Wednesday, March 30, 2011

"I Can't Help Myself"

Motown Week: Part 2
Probably one of most successful vocal acts to record for Motown Records (not to mention, one of the most successful in music history!) was The Temptations. In their five-decade career, they have sold tens of millions of albums and are said to be as influential to soul music as The Beatles were to rock and pop. Spanning several genres of music including R&B, doo-wop, funk, soul, disco, and adult contemporary, the group is also known for distinct choreography, unmistakable harmonies, and flashy suits. Written (in about 20 minutes) and produced by Smokey Robinson and Ronald White (member of The Miracles) for lead vocalist, David Ruffin, "My Girl" was released in December 1964, reaching #1 in 1965 and becoming The Temptations' signature song. Another song on the list of the 500 Greatest Songs of All Time, this tune is a pure classic in an era of classy artists.

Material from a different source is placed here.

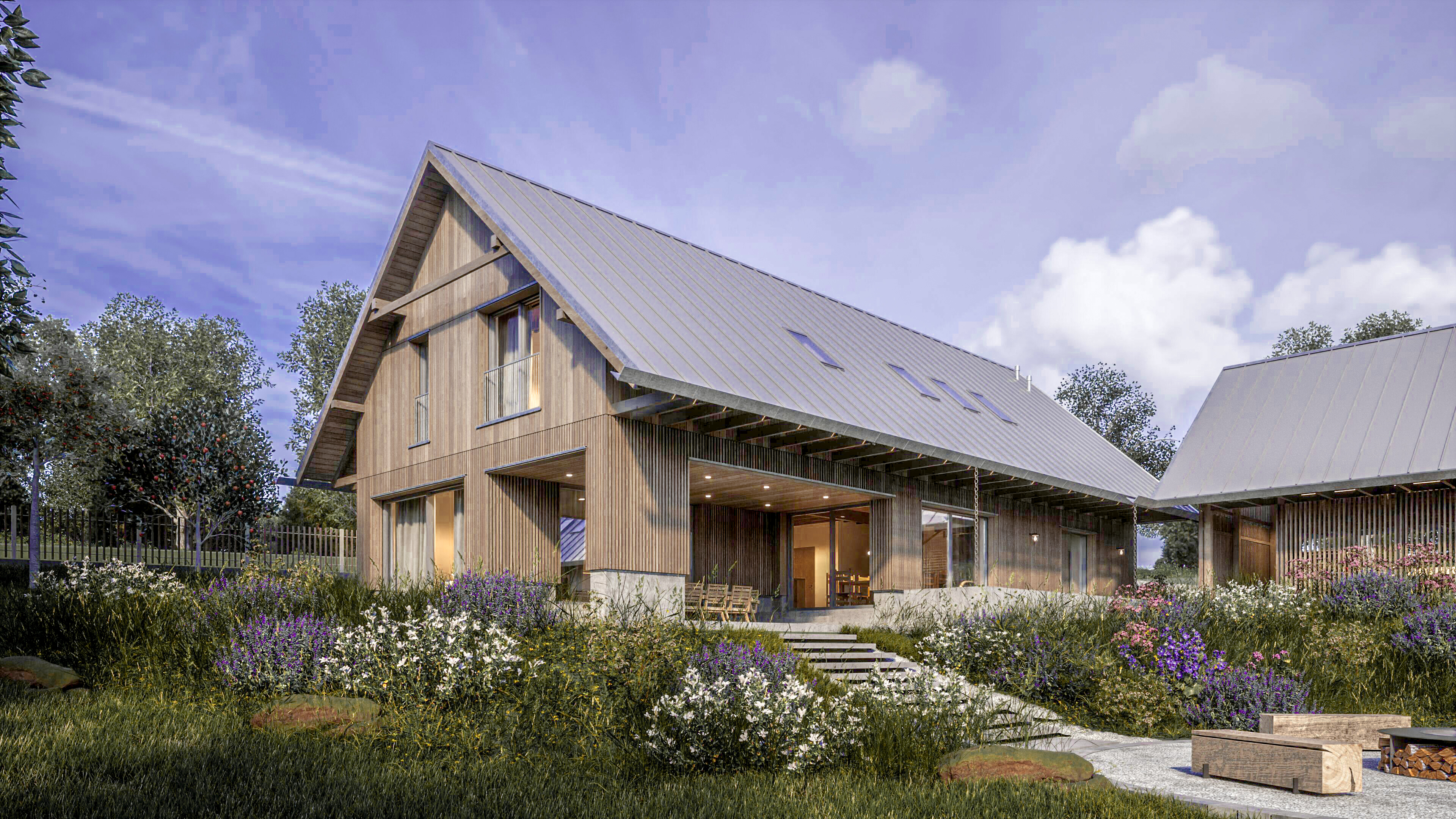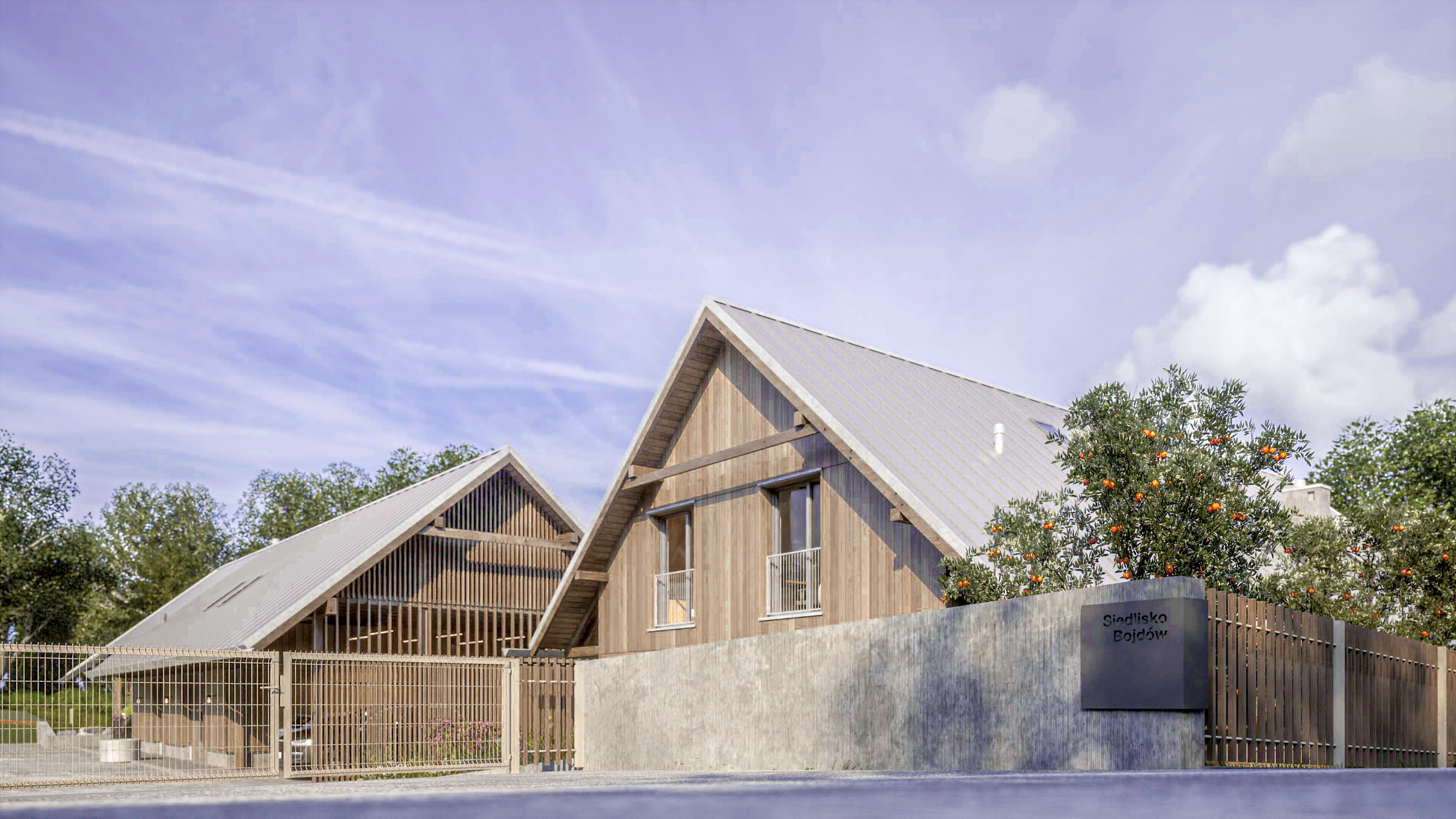Kontekst i regionalne ukształtowanie architektury były pretekstem do stworzenia rustykalnej zabudowy siedliskowej na przedmiotowej działce. Otoczeniem dla założenia są doliny i ochraniające je lasy grądowe składające się głównie z grabów i dębów. Naturalne tło tworzy rozproszona sąsiednia zabudowa mieszkalna jednorodzinna jak i zabudowa zagrodowa. Przedmiotowe budynki zagrodowe wpisują się w krajobraz i stanowią kontynuację zabudowy podmiejskiej w bardziej ekstensywnym układzie.
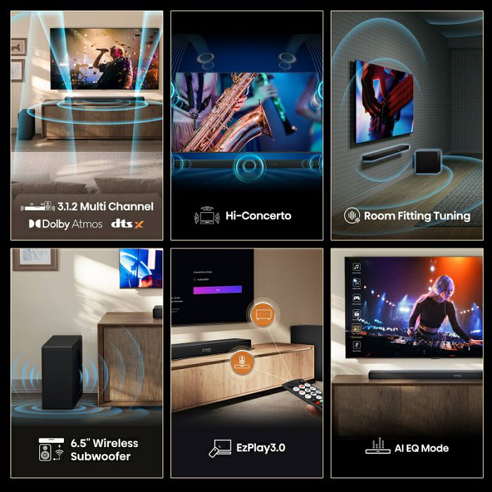 Zakoračite u 3.1.2-kanalni surround zvuk uz Dolby Atmos i DTS:X, gdje vas zadivljujući zvuk okružuje sa svih strana i svako mjesto pretvara u nezaboravno iskustvo.

A group of four friends from New Jersey, The Shirelles were the first major female vocal group of the rock and roll era, as well as the first female group to have a #1 hit single on Billboard chart with "Will You Love Me Tomorrow" in 1960. Although they were signed by Scepter Records, this group actually precedes Motown as a crossover sensation with white audiences. OK, so technically these gals don't belong in Motown Week, however, they're relevant to the R&B/pop sound of Motown. Another ranked among the list of The 500 Greatest Songs of All Time, this song was written by Gerry Goffin and Carole King, in which King used the same chord progression "Oh! Carol" (a song written about her by ex-boyfriend Neil Sedaka!). Also found on the list of The 100 Greatest Artists of All Time, here are The Shirelles giving a sweet, live performance in 1964.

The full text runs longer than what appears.